Update Oct 14.
In keeping with my practice of only passing primitives to DelayedJob to mitigate serialization errors, I made transfer_and_cleanup a static method that accepts a Document ID, rather than an instance method on Document. The new code has been inserted below.
I’ve been in the dev game for about 15 years, and for whatever reason I always seem to end up needing the ability to handle user-generated content, i.e. uploads. Back in the day, I used attachment_fu, then transitioned to Paperclip and have stuck with it ever since. Other than a few sketchy point releases, Paperclip has progressed remarkably well and is a solid, reliable solution for handling uploads.

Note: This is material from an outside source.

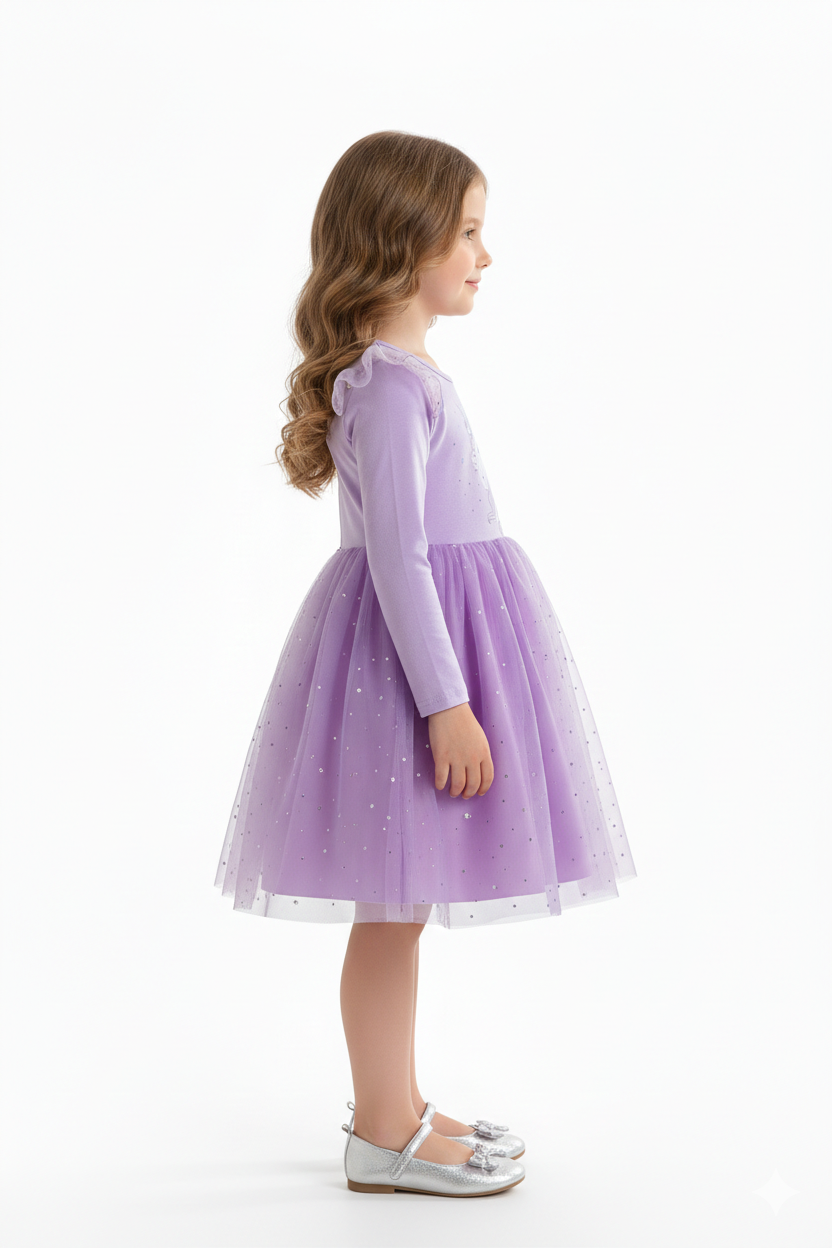 Perfect for girls aged 2 years to 8 years, this magical dress is ideal for birthdays, themed parties, photoshoots, school events, and special celebrations. The soft fabric ensures comfort while the elegant silhouette and sparkle accents create a truly fairytale look.

The Paperclip S3 workflow generally looks like this:
- Server saves the file to a tmp directory and processes it if necessary
- File is transferred to S3 and deleted out of tmp
Makes sense, right?
Except for the timeouts that occur when your users have crap connections, or if dealing with very large files. Then there are the platform considerations: Heroku has an explicit 30 second http timeout, and while Engine Yard is as configurable as you want it to be, I have personally seen unresolvable issues with this workflow when uploading files in the hundreds of megabytes.
Not to mention you’re making your users wait for two uploads to complete. Again, with larger files, this ends up being pretty gross.
So what’s the answer?
Upload files directly to S3, skipping the middleman and all the associated hassles. Easy right? There are many articles out there that detail how to do just this, but they generally stop short of detailing the full upload lifecycle.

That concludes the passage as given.